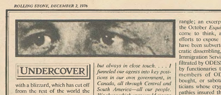 Such a situation parallels—with an insane inflation of realities—the beliefs of some private Nazi-hunters described in Howard Blum’s forthcoming nonfiction book, Wanted! The Search for Nazis in America (Quadrange; an excerpt appeared in the October Esquire), who have come to think, after years of efforts to expose war criminals have been subverted by bureaucratic dissembling, that the U.S. Immigration Service is either infiltrated by ODESSA, controlled by functionaries that American members of ODESSA have bought, or sabotaged by politicians whose crypto-Nazi sympathies insured they would not even have to be bought, but only pointed in the right direction. But just as I have tried to avoid setting forth the plot of The Wind Chill Factor—which, though it derives from Keeper of the Flame, an all-too-believable 1943 Spencer Tracy-Katherine Hepburn movie about a secret American fascist that cannot be summarized without appearing ridiculous—the impact of the book, and its relevance to the subject I have been chasing for the last three issues, cannot really be conveyed by reference to this fact or that. I don’t believe that because Nazi war criminals live in safety or hold political power the Reich will rise again, and I doubt Gifford does either. But I do believe that nothing is more difficult—if it is possible at all—than to reestablish limits that have been shattered.
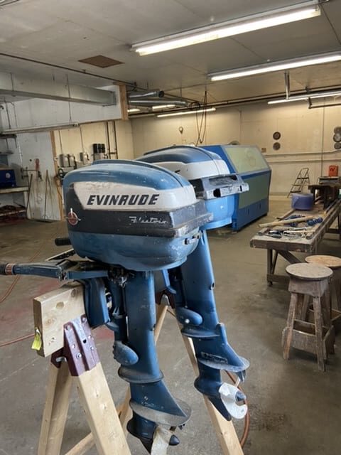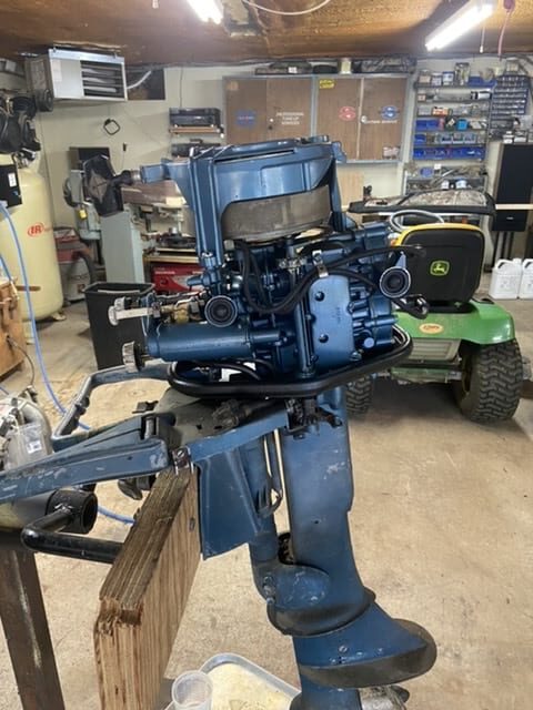 Just a side note when checking OMC 5.5-7.5, 10hp gearcases. Do not remove the water pump screws, then perform the pressure test. The water pump screws hold the upper bushing seal housing in place as well. Pressurizing the gearcase with no water pump screws will probably just push the bushing/seal housing up and off its gasket. I realize it is tough to pinpoint leaks up there with the water pump in place. You could remove the impeller housing/impeller, then secure the upper bushing seal housing in place with shorter 10-24 screws to hold it in place while testing.July 11, 2021 at 7:26 pm #242502It’s a 1956 fleetwin. 7.5 hp. Georgeous shape. Had a little milky look in the gear case oil. Not sure if it warrants a tear down? That’s why I’m thinking of a pressure test.
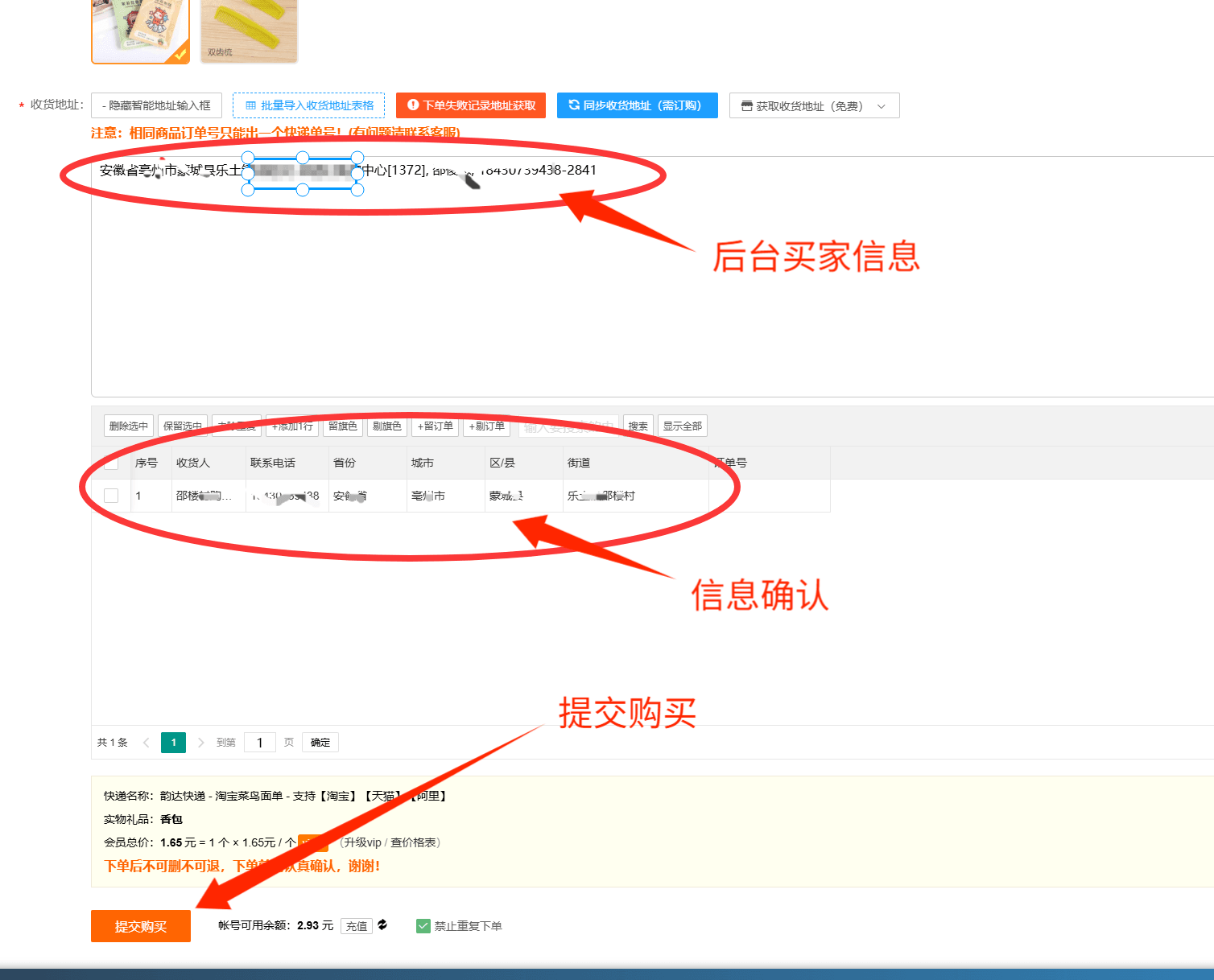 6,复制买家地址信息后在平台地址栏中确认无误后点击立即购买即可秒出运单号【图六】
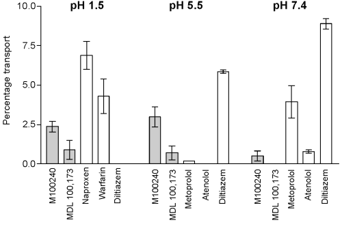 MDL 100,173 showed low permeation at both pH 1.5 and 5.5 (Figure 4), the latter corresponding to a medium-to-low predicted Fa in humans.
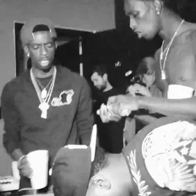 Diddy posts up with Young Chris and Biggie Smalls' old stylist Groovey Lew, looking fresh. He then checks in doped up on painkillers after knee surgery, looking less fresh.

● ● ● ● ●

__Task details__
Going by the entries above, repeat exactly the lines that start at the line with "6,复制买家地址信息后在平台" and go on through the line with "MDL 100,173 showed". Pictures are not part of the copy.

__Solution to this exercise__
 6,复制买家地址信息后在平台地址栏中确认无误后点击立即购买即可秒出运单号【图六】
 MDL 100,173 showed low permeation at both pH 1.5 and 5.5 (Figure 4), the latter corresponding to a medium-to-low predicted Fa in humans.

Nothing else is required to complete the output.